§ **What you are asked to do**
Every line of the listing below should be written out exactly, minus its images.
:: Data extract ::
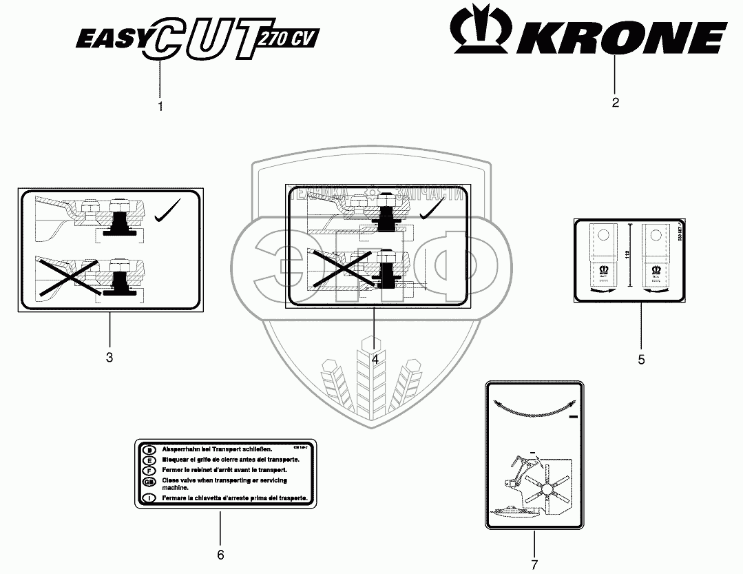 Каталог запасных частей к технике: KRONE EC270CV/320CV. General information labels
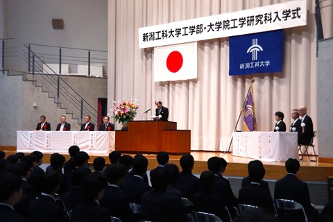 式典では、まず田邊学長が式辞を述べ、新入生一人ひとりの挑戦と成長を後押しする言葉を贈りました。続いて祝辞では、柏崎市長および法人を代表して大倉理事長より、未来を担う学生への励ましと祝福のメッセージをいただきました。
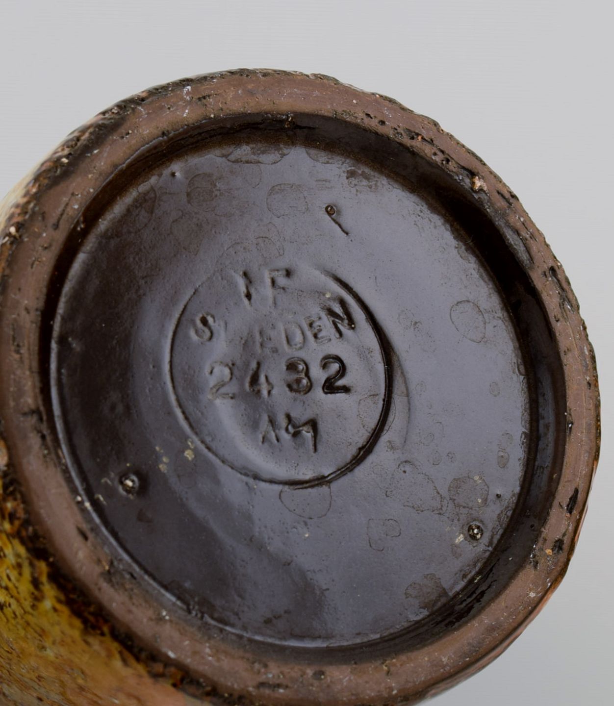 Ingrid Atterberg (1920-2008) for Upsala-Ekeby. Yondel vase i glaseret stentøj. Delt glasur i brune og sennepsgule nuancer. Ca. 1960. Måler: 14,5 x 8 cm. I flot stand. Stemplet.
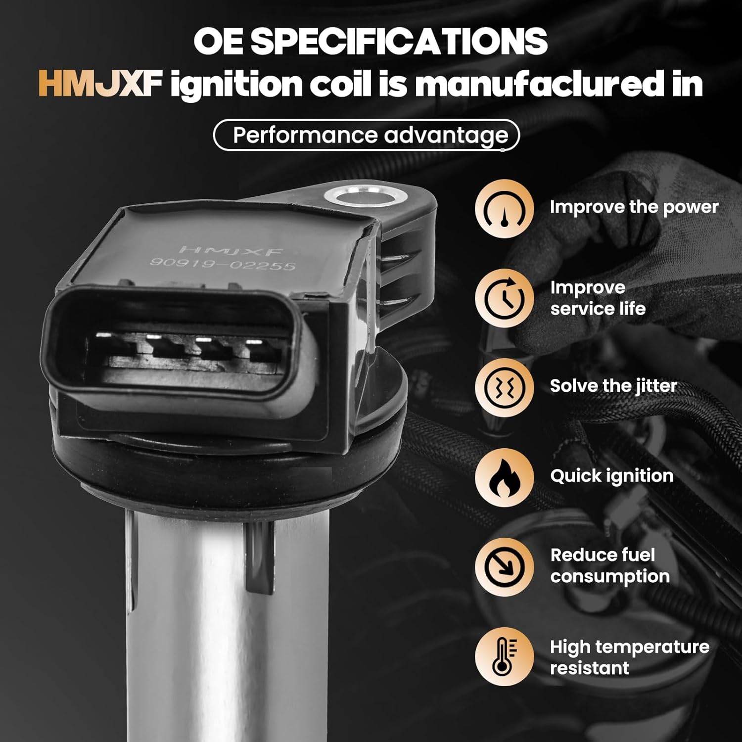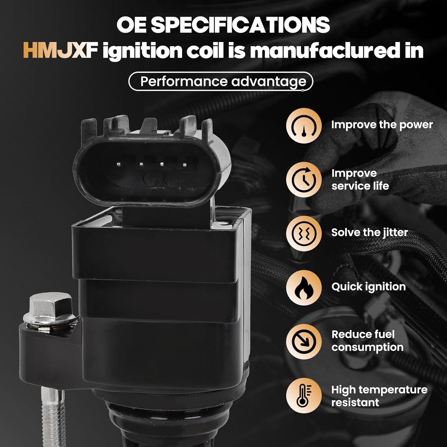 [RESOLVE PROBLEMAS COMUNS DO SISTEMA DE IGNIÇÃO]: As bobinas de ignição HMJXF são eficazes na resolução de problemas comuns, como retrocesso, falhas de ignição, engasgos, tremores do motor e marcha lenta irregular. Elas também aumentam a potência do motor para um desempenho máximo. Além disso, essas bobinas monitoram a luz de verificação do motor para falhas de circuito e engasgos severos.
:::
§ **Solution to this exercise**
 Каталог запасных частей к технике: KRONE EC270CV/320CV. General information labels
 式典では、まず田邊学長が式辞を述べ、新入生一人ひとりの挑戦と成長を後押しする言葉を贈りました。続いて祝辞では、柏崎市長および法人を代表して大倉理事長より、未来を担う学生への励ましと祝福のメッセージをいただきました。
 Ingrid Atterberg (1920-2008) for Upsala-Ekeby. Yondel vase i glaseret stentøj. Delt glasur i brune og sennepsgule nuancer. Ca. 1960. Måler: 14,5 x 8 cm. I flot stand. Stemplet.
 [RESOLVE PROBLEMAS COMUNS DO SISTEMA DE IGNIÇÃO]: As bobinas de ignição HMJXF são eficazes na resolução de problemas comuns, como retrocesso, falhas de ignição, engasgos, tremores do motor e marcha lenta irregular. Elas também aumentam a potência do motor para um desempenho máximo. Além disso, essas bobinas monitoram a luz de verificação do motor para falhas de circuito e engasgos severos.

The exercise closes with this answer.